Top of Material provided
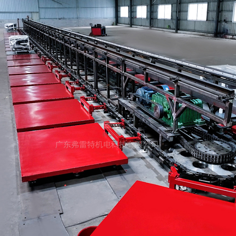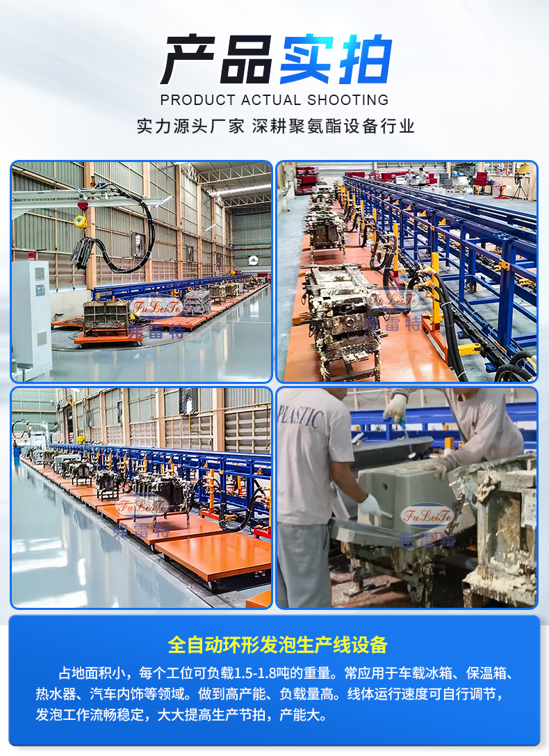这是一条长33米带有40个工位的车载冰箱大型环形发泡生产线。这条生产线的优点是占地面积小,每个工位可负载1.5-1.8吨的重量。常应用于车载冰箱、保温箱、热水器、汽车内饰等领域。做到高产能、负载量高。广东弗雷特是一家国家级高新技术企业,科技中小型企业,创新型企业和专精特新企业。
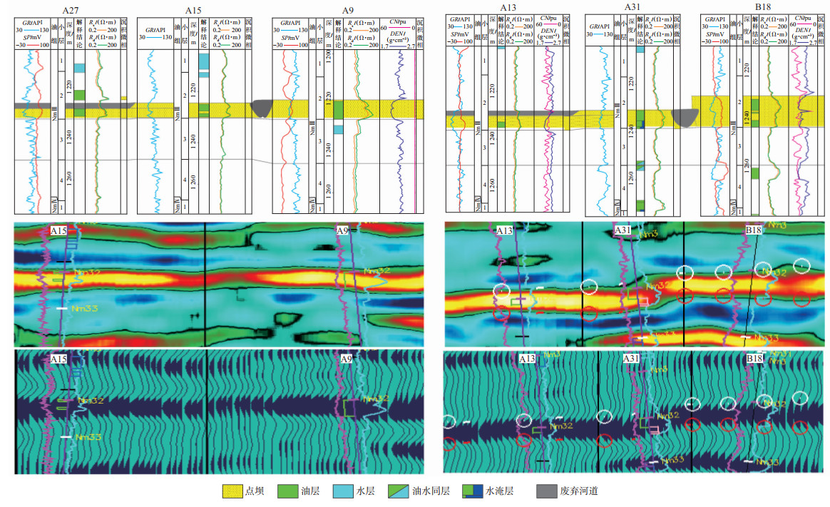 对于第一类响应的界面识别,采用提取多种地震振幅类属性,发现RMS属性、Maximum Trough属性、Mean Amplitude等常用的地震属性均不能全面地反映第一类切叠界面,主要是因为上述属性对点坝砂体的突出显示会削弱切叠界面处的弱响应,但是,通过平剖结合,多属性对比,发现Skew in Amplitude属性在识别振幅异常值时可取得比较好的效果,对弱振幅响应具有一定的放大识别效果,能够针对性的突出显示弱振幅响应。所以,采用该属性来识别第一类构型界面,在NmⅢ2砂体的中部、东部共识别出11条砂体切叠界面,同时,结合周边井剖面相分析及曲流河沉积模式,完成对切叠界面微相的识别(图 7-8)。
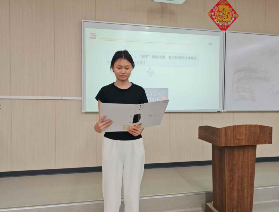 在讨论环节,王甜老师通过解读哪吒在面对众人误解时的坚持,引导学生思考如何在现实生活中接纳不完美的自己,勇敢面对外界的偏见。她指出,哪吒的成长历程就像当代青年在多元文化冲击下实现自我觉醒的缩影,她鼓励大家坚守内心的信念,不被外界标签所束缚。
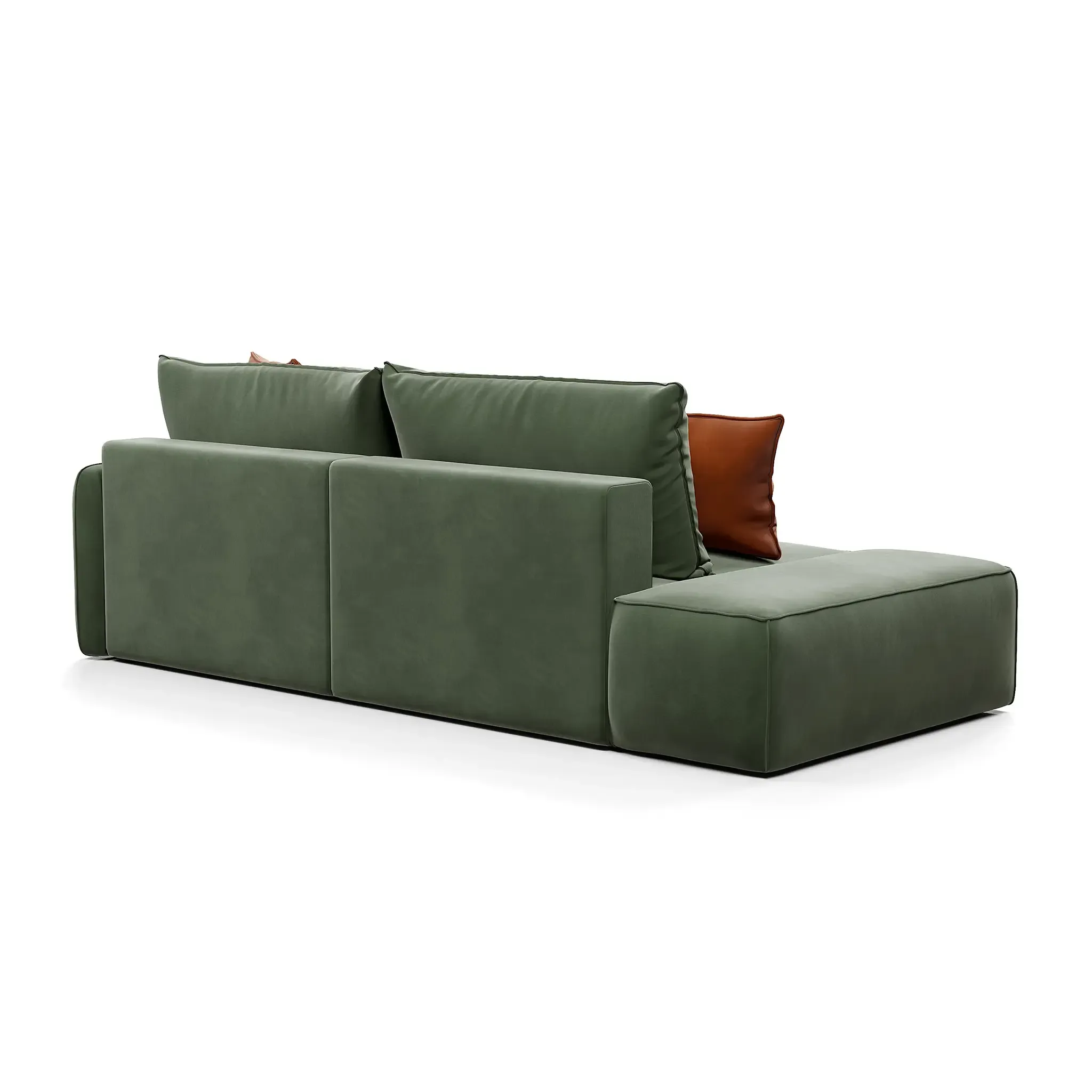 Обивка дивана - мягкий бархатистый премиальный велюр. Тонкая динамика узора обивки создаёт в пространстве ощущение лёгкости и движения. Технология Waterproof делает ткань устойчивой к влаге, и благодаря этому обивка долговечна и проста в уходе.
Bottom of Material provided
## Activity
Would you transcribe, exactly and only, the lines from the one that contains "在讨论环节,王甜老师通过解读" through the last line of the data above, without any pictures?

## Task answer
 在讨论环节,王甜老师通过解读哪吒在面对众人误解时的坚持,引导学生思考如何在现实生活中接纳不完美的自己,勇敢面对外界的偏见。她指出,哪吒的成长历程就像当代青年在多元文化冲击下实现自我觉醒的缩影,她鼓励大家坚守内心的信念,不被外界标签所束缚。
 Обивка дивана - мягкий бархатистый премиальный велюр. Тонкая динамика узора обивки создаёт в пространстве ощущение лёгкости и движения. Технология Waterproof делает ткань устойчивой к влаге, и благодаря этому обивка долговечна и проста в уходе.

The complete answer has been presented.